Viola sat down beside her. “I’ll fix it, Aunt Knowe,” she said in her sweet way.
The duchess’s bed was covered with snippets of paper. One discarded fragment showed Diana kneeling, presumably at North’s feet. He picked it up. A memory of her kneeling before him on the boat seat flashed into his head, sending a streak of pure heat down his body.
“What do you plan to do with those versions of me?” he asked, poking around in the mess and rescuing three more images of Diana.
“I oughtn’t to ruin the surprise, but I’m making you a memory box,” Joan said. She spread six or seven versions of him like a fan. “I’m going to glue them onto the lid of a box so you don’t forget the year when all of England thought you were the devil’s brother.”
“Just like that pantomime we saw at Haymarket last year,” Betsy cried. Then she sang, “I can bark like a dog, I can grunt like a hog!”
“No one would want to hear you singing onstage,” Joan said with dampening emphasis.
Ophelia came over and kissed North’s cheek. “Good afternoon, dear.” Artie was on her hip, blissfully sucking her thumb.
“Good afternoon, Duchess,” he said, and tapped Artie’s nose. “Where’s your accomplice, Godfrey?”
“Leo,” Artie said, the word muffled by her thumb.
“After the stables, Godfrey wanted to stay with Leo,” his stepmother explained, “so they went to his bedchamber.

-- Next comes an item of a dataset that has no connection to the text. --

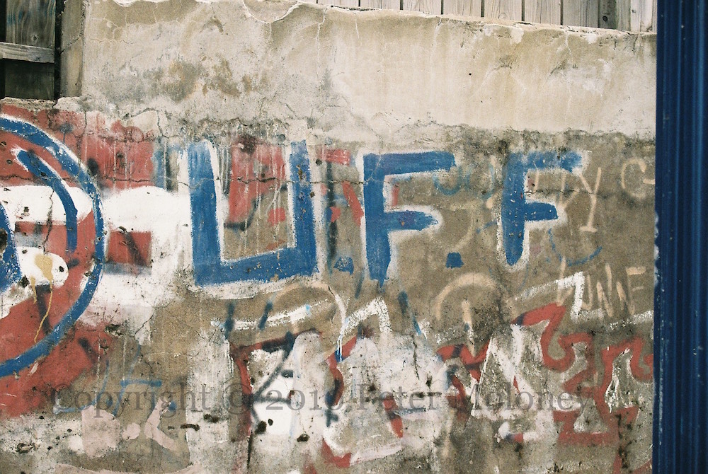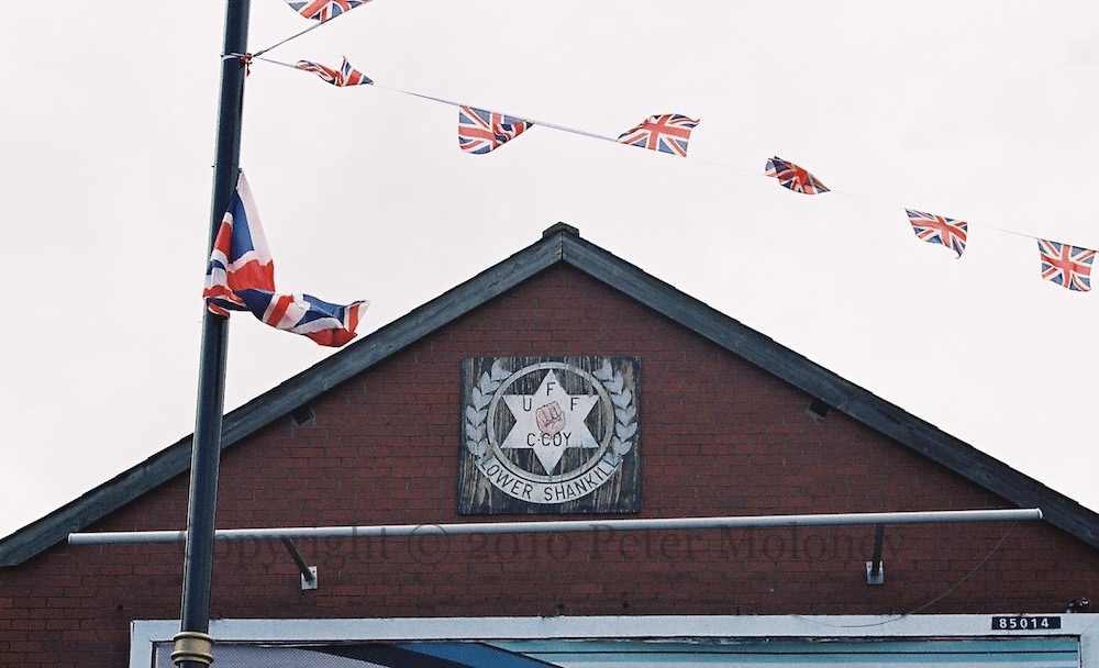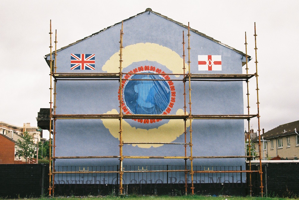 The mural to UDA assassin Stevie ‘Top Gun’ McKeag is again (or, still?) in progress. Compared to the 2009 version (itself incomplete) the poppies around the portrait have lost their leaves (perhaps due to a new background colour) and his dates of birth and death have been turned into a Union Flag and Ulster Banner. See also 2008 and 2007.

Leo said he’s going to teach Godfrey to tie a neckcloth, but I think he was joking.”
“I need shoes,” North said, abruptly remembering why he had come into this bower of femininity.
“None of our shoes will fit you,” Betsy said with a giggle. She was practicing the steps of a country dance, sashaying forward and backward to music only she heard.
“I threw Diana’s shoes into the water,” North said, keeping it simple.
But nothing was simple with six women in the room. “That was very naughty of you!” Joan exclaimed, and even quiet Viola said, “You oughtn’t to have done it, North, because she doesn’t have any others.”
When the recriminations had died down, his stepmother said, “Who has shoes that might fit Diana?”
“Not I,” said Joan. “There’s a reason you all call me ‘shortcake,’ and Diana is delightfully tall.”
“Not as tall as I am,” Lady Knowe said. “My shoes will never fit Diana, though I will echo the rest and say that you shouldn’t have done it, North.” His aunt’s feet were as ungainly as her hands, another unenviable inheritance that came with being the duke’s twin. Not that the size of her feet ever seemed to bother her.
“Diana isn’t as tall as she used to be when she wore high wigs,” Betsy said. “Oh, I envied her so much. Parisian wigs! And now look, she lets Artie suck her hair, which is disgusting.”
“Shoes,” North ordered. “I left the poor woman barefoot.”
After that, everyone but Joan ran off. Ophelia put Artie down and began rummaging through a trunk that appeared to hold nothing but shoes.